Initialement annoncée en 2022, l’opération a pris un peu plus de temps que prévu, mais prouve que l’élan de sympathie portant la PME perpignanaise Payote (27 salariés, CA prévisionnel 2025 : 2 M€), depuis sa création en 2016, ne faiblit pas. Le fabricant d’espadrilles made in France a réuni un financement de 2 millions d’euros pour construire une nouvelle usine, dont 463 000 euros proviennent d’une campagne de crowdfunding sur WiSeed ayant convaincu 600 investisseurs particuliers.
Un virage stratégique devenu urgent
Cette enveloppe permet à Payotte de lancer le chantier sur un terrain de 5 000 m2, où la phase de terrassement vient de s’achever. Programmant son ouverture à janvier 2027, la future usine de 2 500 m2 lui servira à intensifier sa production, en passant du rythme actuel (de 60 000 à 80 000 paires par an) au double.
Avec une nuance de taille : ce nouvel outil aidera aussi Payote à réellement passer à l’échelle industrielle. Jusqu’ici, la PME sous-traitait une bonne part de la fabrication au basque Megam, qui a cessé son activité en début d’année 2025. "Ce coup du sort nous a contraints à ouvrir rapidement un atelier-pilote pour sauver notre activité. Après l’achat de quelques machines, cette première unité nous a permis de comprendre quels seraient nos besoins en termes de surface industrielle et de stockage pour la nouvelle usine, mais aussi de sécuriser tous les fournisseurs que, jusqu’ici, nous ne gérions pas en direct. Nous allons passer d’un modèle d’achat/vente à celui d’entreprise fabriquant tout à Perpignan", résume Olivier Gelly, fondateur de la marque.

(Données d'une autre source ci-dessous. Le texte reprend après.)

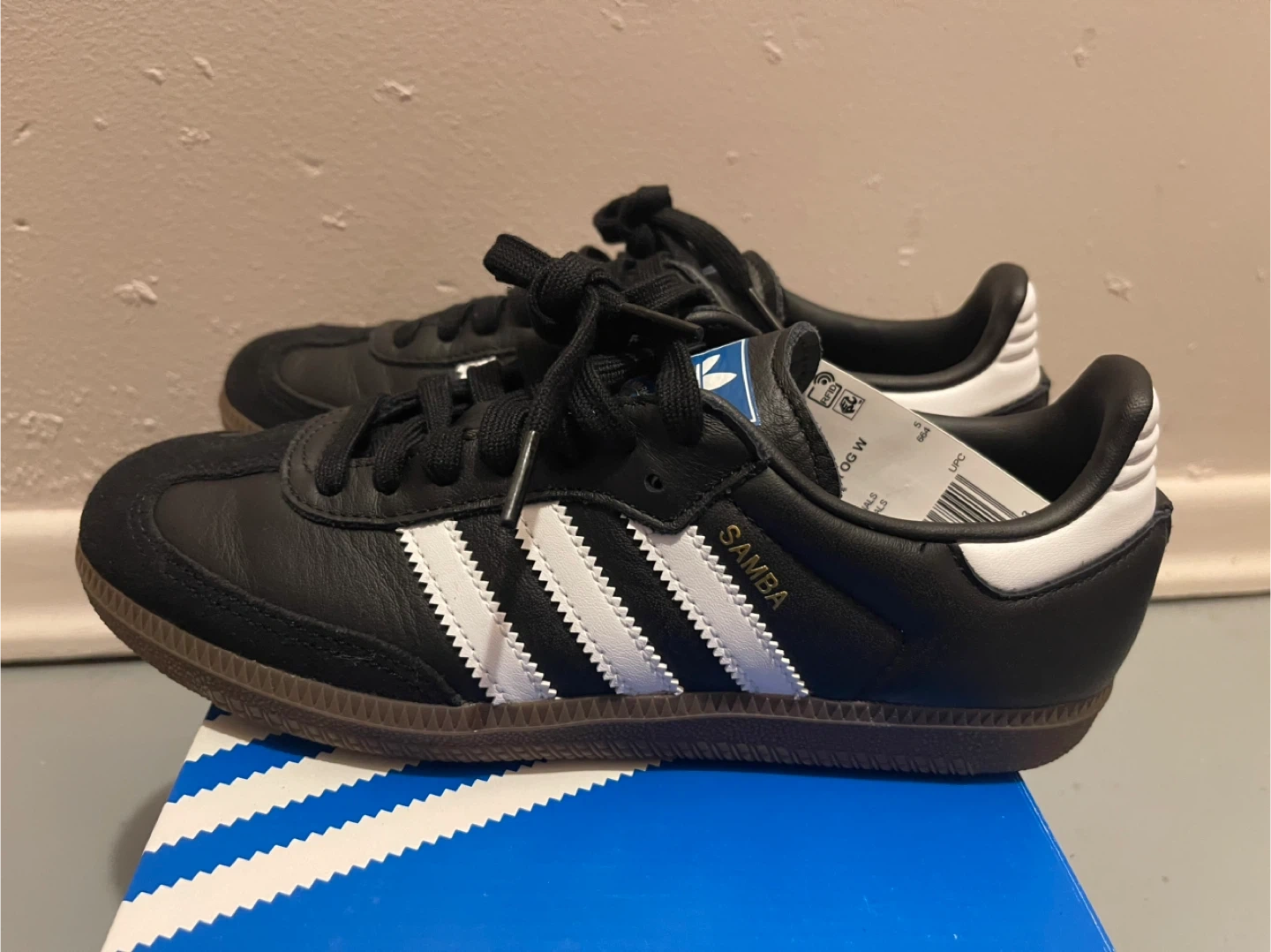 Selling a pair of Adidas Samba OG shoes in black. They come with the original box. These classic sneakers are in great shape and ready for a new home!

Plus de 100 créations d'emplois
Dans la nouvelle usine, Payote prévoit notamment de doubler son parc machines. "Nous allons travailler sur les étapes de fabrication, de sorte à gagner en productivité et en confort de travail. Les progrès déjà réalisés au sein de l’atelier-pilote nous permettent de produire 1 500 pièces en 48 heures, contre 15 jours précédemment", poursuit le dirigeant. De même, les effectifs de la PME seront portés de 27 à 100 salariés environ, puis à 150 salariés à terme.
Une autre approche des flux de travail
Mais à côté du volet production, le projet d’usine permet aussi à Payote de "travailler sur les flux". En amont, le fabricant dispose déjà d’un centre de formation de 11 places pour continuer à occuper des postes, comme ceux de couturiers, où les talents sont rares. En aval, il prévoit de développer un pôle R&D destiné à la refabrication d’espadrilles. "En termes de gestion des déchets, nous utilisons déjà des chutes de toile afin de faire des isolants pour la maison, et du caoutchouc pour des tapis de sols dans les écoles et les gymnases. Mais l’objectif est de revaloriser certaines parties des espadrilles pour faire de nouvelles paires", se projette Olivier Gelly.
Un site attractif pour les touristes
Enfin, l’usine sera aussi très tournée vers le tourisme industriel : l’atelier actuel, trop petit, ne permet pas de traiter les 10 000 à 15 000 demandes de visites annuelles, émanant de pays comme l’Italie, l’Espagne ou le Japon. Le nouveau site sera doté d’un circuit conçu à cette fin, "avec vue sur les salles de production", et intégrera des salles d’exposition et un escape game.
De quoi, à nouveau, alimenter la renommée de Payote sur un segment de marché de plus en plus porteur. Malgré la perte subite de son fournisseur, la marque signe une progression de 30 % en 2025, en portant son chiffre d’affaires de 1,6 à 2 millions d’euros, et table sur une croissance moyenne de 15 à 20 % par an avec l’usine. La PME a déjà fabriqué plus de 200 modèles d’espadrilles, qu’elle continue à décliner avec des séries limitées (50 paires en moyenne) basées sur des licences à succès, comme celles du studio américain Warner (Harry Potter, Batman, Le Seigneur des Anneaux…), sur des marques comme La Vache qui Rit, ou sur des acteurs comme le Stade toulousain, entre autres partenaires signés en 2025. Olivier Gelly en promet bien d’autres pour 2026.